I've watched a man who was stripped of his purpose and his potential be raised up and be given a holy pride and a hunger for growth. I've seen my faith that was wavering restored as the hands of God have built a man in front of my eyes. I've had a front row seat to the greatest miracle I've ever seen in all my years of following God. I've messed up lots of times in the past few years, and my anger and my fear has not been able to thwart God's plan. Go figure on that.

It's been a rough ride, full of days that I wasn't sure I was strong enough. Full of days I wondered if I was the abuser in my relationship with my husband because of some of the really hard times and not being sure if I was saying the right things or being the wife I am supposed to be.

We've really struggled financially. There have been nights I've laid awake in a panic, not knowing how we would ever make it to payday. So many tears. So much sacrifice.

My health has been bad. We've joked alot about my warrantee, and I've had to remind doorway man that I was an "as is" deal. We discovered a huge piece of the puzzle was a malfunctioning thyroid. Apparently, that can cause chronic fatigue, pain, and infertility. I had no idea.

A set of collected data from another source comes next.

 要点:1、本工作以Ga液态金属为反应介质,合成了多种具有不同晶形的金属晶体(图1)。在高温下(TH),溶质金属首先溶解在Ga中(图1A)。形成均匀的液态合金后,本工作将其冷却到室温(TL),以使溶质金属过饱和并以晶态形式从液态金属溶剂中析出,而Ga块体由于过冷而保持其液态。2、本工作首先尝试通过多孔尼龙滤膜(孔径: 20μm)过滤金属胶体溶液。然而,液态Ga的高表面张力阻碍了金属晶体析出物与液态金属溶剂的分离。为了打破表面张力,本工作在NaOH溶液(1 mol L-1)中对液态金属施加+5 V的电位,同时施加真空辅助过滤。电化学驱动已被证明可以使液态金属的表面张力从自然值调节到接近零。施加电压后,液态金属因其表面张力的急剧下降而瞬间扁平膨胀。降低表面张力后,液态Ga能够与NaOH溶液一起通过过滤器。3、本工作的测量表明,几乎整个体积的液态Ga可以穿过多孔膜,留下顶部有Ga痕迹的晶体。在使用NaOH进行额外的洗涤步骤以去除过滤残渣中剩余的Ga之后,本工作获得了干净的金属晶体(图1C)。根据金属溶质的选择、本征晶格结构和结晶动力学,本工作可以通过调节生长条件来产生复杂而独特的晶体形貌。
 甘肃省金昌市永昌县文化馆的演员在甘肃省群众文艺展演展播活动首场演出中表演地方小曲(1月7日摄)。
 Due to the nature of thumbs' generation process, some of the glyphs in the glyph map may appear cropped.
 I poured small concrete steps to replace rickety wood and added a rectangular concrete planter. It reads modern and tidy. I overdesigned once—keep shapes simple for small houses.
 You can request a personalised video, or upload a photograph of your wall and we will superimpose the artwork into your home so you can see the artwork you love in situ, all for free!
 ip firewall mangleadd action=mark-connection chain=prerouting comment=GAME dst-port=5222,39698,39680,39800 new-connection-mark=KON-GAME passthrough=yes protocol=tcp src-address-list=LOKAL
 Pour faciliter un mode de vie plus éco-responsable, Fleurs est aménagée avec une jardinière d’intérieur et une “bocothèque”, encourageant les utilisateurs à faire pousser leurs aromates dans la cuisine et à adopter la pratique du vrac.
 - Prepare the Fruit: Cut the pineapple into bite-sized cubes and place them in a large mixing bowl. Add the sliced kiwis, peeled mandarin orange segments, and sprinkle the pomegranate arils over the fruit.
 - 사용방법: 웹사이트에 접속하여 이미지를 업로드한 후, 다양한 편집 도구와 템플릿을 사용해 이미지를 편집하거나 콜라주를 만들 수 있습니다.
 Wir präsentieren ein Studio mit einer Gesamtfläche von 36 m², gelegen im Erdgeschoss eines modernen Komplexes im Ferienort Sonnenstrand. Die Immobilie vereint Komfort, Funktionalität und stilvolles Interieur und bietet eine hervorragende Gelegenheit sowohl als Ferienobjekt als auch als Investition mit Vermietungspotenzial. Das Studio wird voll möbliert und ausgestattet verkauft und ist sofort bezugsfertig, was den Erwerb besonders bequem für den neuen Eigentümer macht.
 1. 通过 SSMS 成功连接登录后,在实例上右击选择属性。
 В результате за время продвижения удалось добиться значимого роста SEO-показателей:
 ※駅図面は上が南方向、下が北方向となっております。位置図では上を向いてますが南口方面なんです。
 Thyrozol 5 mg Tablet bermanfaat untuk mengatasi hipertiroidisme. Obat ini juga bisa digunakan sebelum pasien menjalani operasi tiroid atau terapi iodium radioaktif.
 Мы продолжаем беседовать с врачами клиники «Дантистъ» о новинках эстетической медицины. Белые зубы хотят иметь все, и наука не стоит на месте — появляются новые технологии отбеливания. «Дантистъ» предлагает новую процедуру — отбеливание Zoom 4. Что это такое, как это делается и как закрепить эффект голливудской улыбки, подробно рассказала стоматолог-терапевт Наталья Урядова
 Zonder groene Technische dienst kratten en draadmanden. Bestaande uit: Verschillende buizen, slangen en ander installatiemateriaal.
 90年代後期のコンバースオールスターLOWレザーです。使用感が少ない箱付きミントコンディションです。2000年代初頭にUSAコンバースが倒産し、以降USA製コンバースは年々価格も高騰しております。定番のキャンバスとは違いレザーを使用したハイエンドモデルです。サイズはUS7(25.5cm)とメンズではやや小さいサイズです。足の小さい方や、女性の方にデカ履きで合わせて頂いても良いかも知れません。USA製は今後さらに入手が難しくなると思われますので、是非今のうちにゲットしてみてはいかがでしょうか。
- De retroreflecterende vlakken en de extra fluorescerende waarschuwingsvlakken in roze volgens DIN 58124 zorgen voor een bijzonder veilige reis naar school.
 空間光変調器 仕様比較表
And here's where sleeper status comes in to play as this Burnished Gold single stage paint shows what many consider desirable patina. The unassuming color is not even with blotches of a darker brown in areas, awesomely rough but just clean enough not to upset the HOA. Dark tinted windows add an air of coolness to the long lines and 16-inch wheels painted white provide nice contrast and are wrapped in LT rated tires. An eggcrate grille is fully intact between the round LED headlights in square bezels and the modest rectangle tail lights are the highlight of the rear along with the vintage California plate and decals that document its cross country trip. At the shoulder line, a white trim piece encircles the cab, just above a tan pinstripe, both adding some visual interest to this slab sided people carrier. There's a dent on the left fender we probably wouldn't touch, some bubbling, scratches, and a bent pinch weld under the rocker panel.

His parents have been in and out of the hospital with serious health issues.

We weren't making it. I was so angry that things were so hard, and I really, really wanted to blame doorway man.

Then, as I laid down my control of one thing at a time, I began to see the hand of the Lord change things for us.

There is a reason that the first part of breakthrough is the word break.

We are entering a new phase of our lives and our marriage. I'm so hopeful to see what God will do in our home. We're about to close on our first house in a few weeks,  and we're beginning infertility treatment. I'm going to start blogging again. I want this part chronicled. The good, the bad, and the dummies.